听到二女儿这么说,展妈放下保温桶,无声的走到她旁边坐下。想到刚刚碰到以往关系最好,一起打麻将,跳舞的王阿姨和她说话时那古怪的眼神和街坊邻居背后瞟瞟瞄瞄的眼神与窃笑,她低着头深深的叹了口气。
她和丈夫都彻夜难眠,到今天的境地,他们不知道应该去怪谁了。想搬家躲开那些戳戳点点,可现在谁还不知道她家的事,不知道她女儿是个同性恋,还争风吃醋跳河寻死。

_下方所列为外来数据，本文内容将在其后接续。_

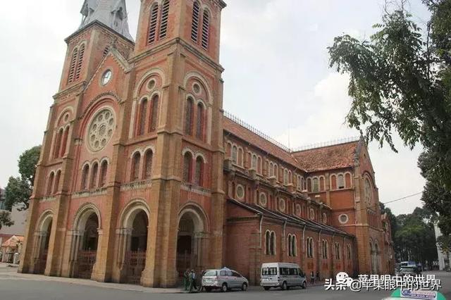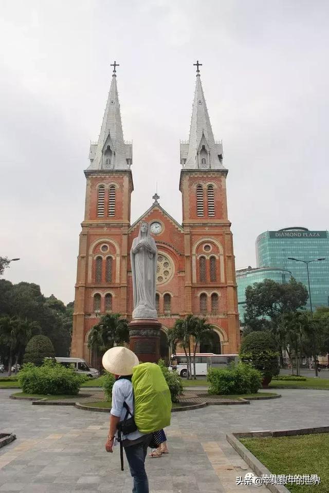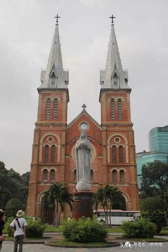 而第二個則是與郵局相鄰的王公聖母教堂,她是天主教胡志明市總教區的主教堂,哥特式建築,兩座40米高的鐘樓是仿造巴黎聖母院設計的,其原材料都來自法國馬賽,一百多年,依然保持著鮮艷的紅色。教堂前矗立著聖母瑪利亞的雕像。無數人來到這裡合影,祈禱。

展盼看着妈妈低垂的眼神和日益衰颓的精神,她凝眉握住妈妈的手。
展妈转头看到女儿关切的担忧的眼神,一扫愁容。笑了一下说:“没事儿。”
展盼看着妈妈的眼睛说:“妈,宁宁的事你和爸怎么打算的?”
听到女儿的问题,展妈眼神一滞,没有说出话来。因为她和丈夫没讨论过这个问题,他们已经不知道应该怎么做了。经历这些肯定是不可能再逼展宁了,可要同意吗?他们始终下不去这个决心,总觉得这样的心软做法是把女儿往火坑里推。
看出了妈妈的心思,展盼说:“爸爸和大姐在给奶奶办理出院吧?”
“嗯。他们在那边给你奶奶收拾东西,下午出院。”
“妈,去奶奶那边,咱们好好谈谈宁宁的事吧。她总有一天也要出院,咱们都要面对。”
展妈看着女儿,愣了一下,最后还是点点头。